8 de fevereiro de 2016

Capítulo 9

Celaena deu um passo para perto das grades. Um balde para se aliviar, um balde d’água, as migalhas da última refeição e feno bolorento que formava um colchão duro; era tudo que Kaltain havia recebido.
Tudo o que merece.
— Veio rir? — perguntou Kaltain. A voz, que um dia fora rica e culta, era pouco mais que um sussurro rouco. Estava congelando ali embaixo – era de espantar que ainda não tivesse ficado doente.
— Tenho algumas perguntas para você — disse Celaena, mantendo o tom suave. Embora os guardas não tivessem contestado seu direito de entrar nas masmorras, ela não queria que eles ouvissem.
— Estou ocupada hoje. — Kaltain sorriu, encostando a cabeça contra a parede de pedra. — Volte amanhã.

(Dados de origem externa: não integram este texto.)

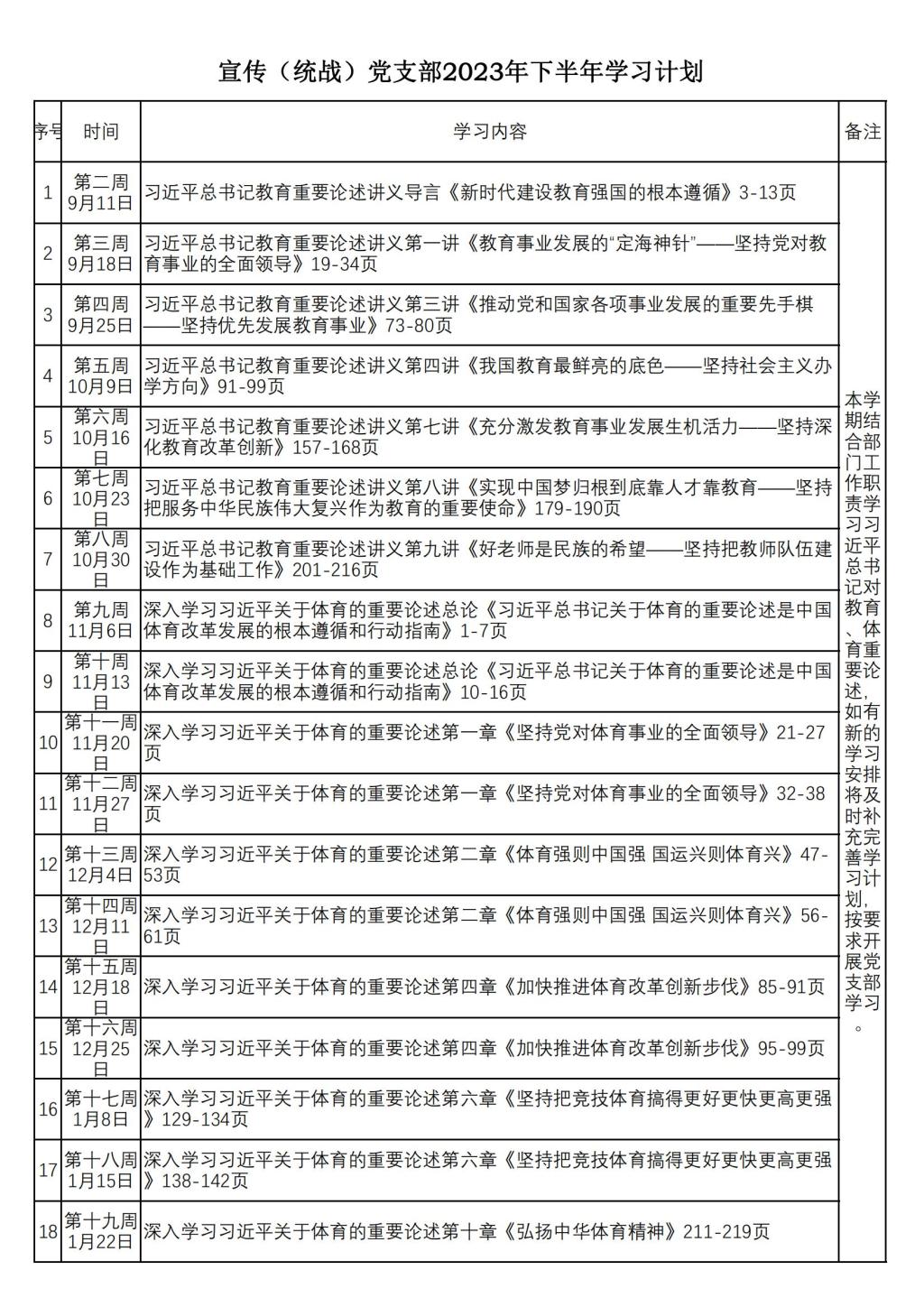 宣传(统战)党支部2023年下半年学习计划-宣传部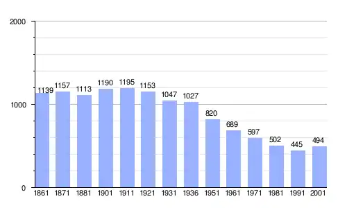 | Gráfica de evolución demográfica de Camerano Casasco entre 1861 y 2001 |

Ela parecia tão mais jovem com os cabelos de ébano livres. Não podia ser muito mais velha do que a própria Celaena.
A assassina se agachou, apoiando uma das mãos nas grades para se equilibrar. O metal estava gelado.
— O que sabe sobre Roland Havilliard?
Kaltain olhou na direção do teto de pedra.
— Ele está de visita?
— Foi nomeado para o conselho do rei.
Os olhos pretos como a noite de Kaltain encontraram os de Celaena. Havia uma pontada de loucura ali – mas também cautela e exaustão.
— Por que me pergunta sobre ele?
— Porque quero saber se ele é confiável.
Kaltain soltou uma gargalhada.
— Nenhum de nós é. Principalmente Roland. As coisas que ouvi sobre ele são suficientes para revirar até o seu estômago, aposto.
— Como o quê?
Kaltain deu um risinho.
— Me tire desta cela, e talvez eu conte.
Celaena devolveu o risinho.
— Que tal eu entrar nesta cela e encontrar outro modo de fazê-la falar?
— Não — sussurrou Kaltain, mexendo-se o suficiente para que Celaena pudesse ver os hematomas em torno dos pulsos. Pareciam desconcertantemente com impressões de mãos.
A prisioneira enfiou os braços nas dobras da saia.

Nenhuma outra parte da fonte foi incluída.